I first met Penner Foods when I was a wee pants schieter, my legs kicking in the child seat of the cold medal grocery cart, my hands never as firmly gripped to the red handle as my mother would have preferred. I was, as Armin Wiebe would say “heista kopp” in love with Penner Foods.
I remember the rapple chap aisle. Old Dutch as far as the eye could see. Then row after row of bologna and luncheon meat with the macaroni embedded inside. Of course, you had to get it hand-cut and weighed and wrapped in pink butcher paper. We could get formaworcht, too, if it was a Saturday after my Dad got paid. And a free cookie at the bakery. Sometimes we’d even drop off a roll of film to be developed. After three or four hours of shopping and Low German conversation that I struggled to understand, we’d gather up our groceries and head for the checkout line, where a betrothed teenager would type each and every price by hand and another teenager, her fiancé, would bag our groceries. Paper bags, of course.
Then we’d be given a number on a plastic card, drop off our bags on the conveyor belt, and head for the car. And we’d go directly there and get in the parcel pickup line, unless I could convince Mom for a brief detour at the Clearspring Mall red carpet, which was the main source of entertainment for Steinbach children in those days. Or maybe, if she had some extra change, we could drop a quarter into a large vibrating elephant or airplane and it would shake us around for two minutes and we’d forget all about rolling around on the soft scarlet floor in the middle of the mall. Then we’d go pickup our parcels.

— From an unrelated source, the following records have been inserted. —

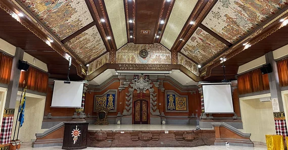 Zum Abschluss dürfen wir das Universitätsgebäude besichtigen. Wir sind beeindruckt vom Auditorium mit seiner detailreichen, farbenfrohen Wandgestaltung. Mit neuen Eindrücken und Erkenntnissen kehren wir zurück, bereits in Vorfreude auf unseren zweiten Besuch an der Udayana-Universität.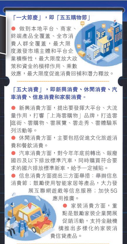 【香港商報网訊】上海昨日發布《關於提振消費信心強力釋放消費需求的若干措施》(下稱《措施》),提出12條政策舉措,?力提振消費信心、釋放消費需求。這些措施包括舉辦貫穿勞動節、兒童節、端午節等多個重點節日的「五五購物節」;發力網絡購物等新興消費、餐飲等休閒消費,以及汽車消費、信息消費和家裝消費;繼續發揚首發經濟、夜店經濟、品牌經濟和免退稅經濟的亮點特色等。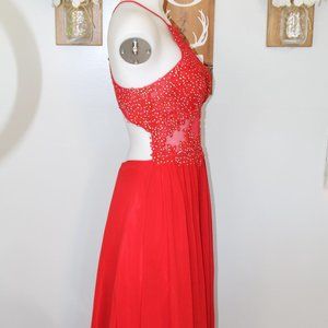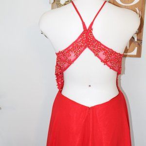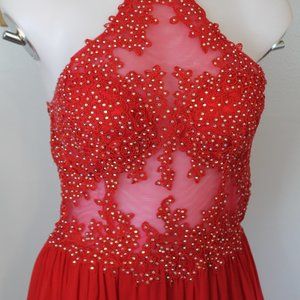 Blondie Nites Red Jeweled Halter Chiffon Dress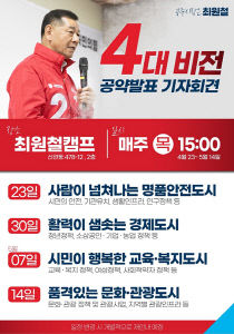 최원철 공주시장 후보가 공주의 미래 청사진을 담은 '4대 비전 공약'을 정례 기자회견을 통해 순차적으로 발표한다. 최 후보는 민선 8기 성과를 토대로 향후 공주 발전 방향과 구체적인 실행 방안을 시민들에게 직접 설명하기 위해 매주 목요일 정례 브리핑을 개최할 계획이라고..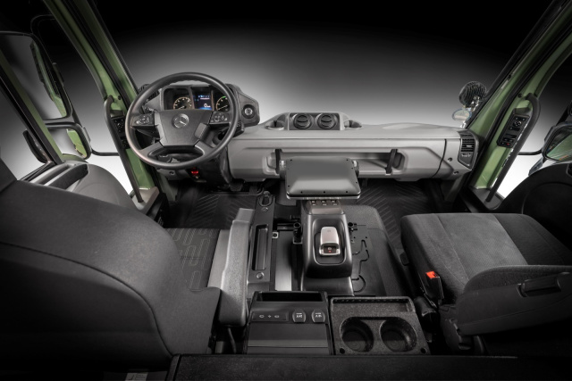 Der Unimog Low ist mit dem neuen Bediensystem UNI-TOUCH ausgestattet. UNI-TOUCH macht das Handling von Anbaugeräten effizienter und komfortabler und unterstützt bei der intuitiven Bedienung des Fahrzeugs. Über einen Touchscreen können Anwender die passenden Einstellungen für den jeweiligen Arbeitseinsatz vornehmen, Tasten individuell mit Funktionen belegen oder wiederkehrende Abläufe unkompliziert speichern und abrufen. Außerdem kann der optionale Multifunktions-Joystick jetzt je nach Arbeitssituation wahlweise in die Vorbereitung am Fahrersitz oder am Beifahrersitz eingesteckt werden. UNI-TOUCH ist in acht der ausgestellten Unimog Geräteträgern verbaut und kann bei Live-Präsentationen erlebt werden.

Penner Foods and I have been in love for quite some time, you know, even though Penners has gone through a lot of changes. Wider aisles. New products. They even got rid of the Tom Boy mascot. Penners has had a lot of work done. Then, a while back, she dropped the Penner name altogether.
But, you know, I made a commitment a long time ago. Sure, she’s changed. She’s even calling herself Sobeys now, but she’ll always be Penner Foods to me. And, frankly, I’ve changed too. I can’t fit in the grocery cart child’s seat like I used to.